While obtaining her masters degree in integrative medicine at Georgetown University, Ghaffar was taught to synthesize information instead of memorizing.

"I didn't know what that meant," Ghaffar said at the time.

This concept is what led to Ghaffar focusing on some of the gaps in integrative medicine.

"There's a lot of indigenous modalities that are being used in the integrative medicine field but the people going in to teach those modalities weren't from those backgrounds and then indigenous medicine wasn't mentioned hardly at all," Ghaffar said.

"There's an irony about how indigenous modalities and indigenous knowledge get used for profit, gets used in the Western world but indigenous people don't always get credit for it," she added. "When I say credit, I mean they don't get financially compensated. They don't even get credit for laying the foundation for what is Western research so that's kind of what pushed me to start writing about that from that perspective."
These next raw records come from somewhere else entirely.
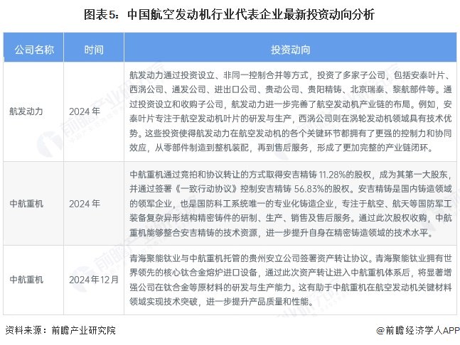 中国航空发动机行业的投资动向主要集中在产业链的完善和技术能力的提升上。航发动力通过投资设立和收购多家子公司,进一步完善了航空发动机产业链的布局。中航重机则通过股权收购和资产转让,增强了在精密铸造和钛合金材料研发生产领域的技术实力。这些举措不仅有助于企业自身的技术升级和市场竞争力提升,也为整个行业的发展提供了有力支撑,推动中国航空发动机行业向高端化、自主化方向迈进。航空发动机行业代表性企业最新投资动向如下: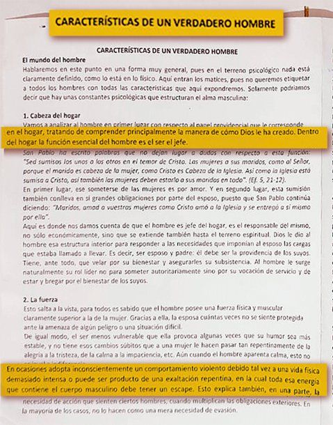En el mismo apunte se habla del hombre como "cabeza del hogar", donde la función esencial es "ser el jefe". Además se habla del hombre como responsable de la casa "no sólo económicamente" sino también en el plano espiritual.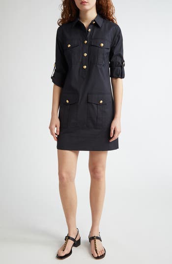 Glossy goldtone buttons and utilitarian-inspired patch pockets punctuate this stretch-kissed cotton dress that lets you switch up the look with convertible sleeves.
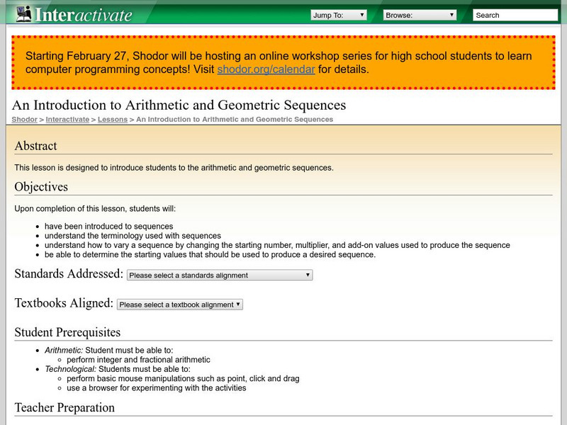 Shodor Interactivate: Lesson: Introduction to Arithmetic and Geometric Sequence

Then Good Medicine Woman came about.

Good Medicine Woman is an indigenous art and consulting company that "prioritizes advocacy for Indigenous rights and social change."

"That was my initial goal but just like addressing socio economic and racial issues became like another part of it because everything is connected," Ghaffar said.

Good Medicine

Breaths Together for a Change

In addition to being Domestic Violence and Sexual Assault advocate, Ghaffar serves as the primary researcher for Breaths Together for a Change, what she describes as an Indigenous-centric meditation program that focuses on using somatic literacy that addressed "faulty alarms to address bias, bigotry, and hate, and also to heal historical trauma.

"Our whole model centered around stopping perpetration in addition to healing trauma because we often times hear that people should just heal their trauma and get over it but the perpetration continues and we just keep getting retraumatized and we're forced to be stuck in this whole healing loop."

Ghaffar said Breaths Together for Change is still in its pilot stages.

"But, hopefully in the future we will be doing more with that," Ghaffar said.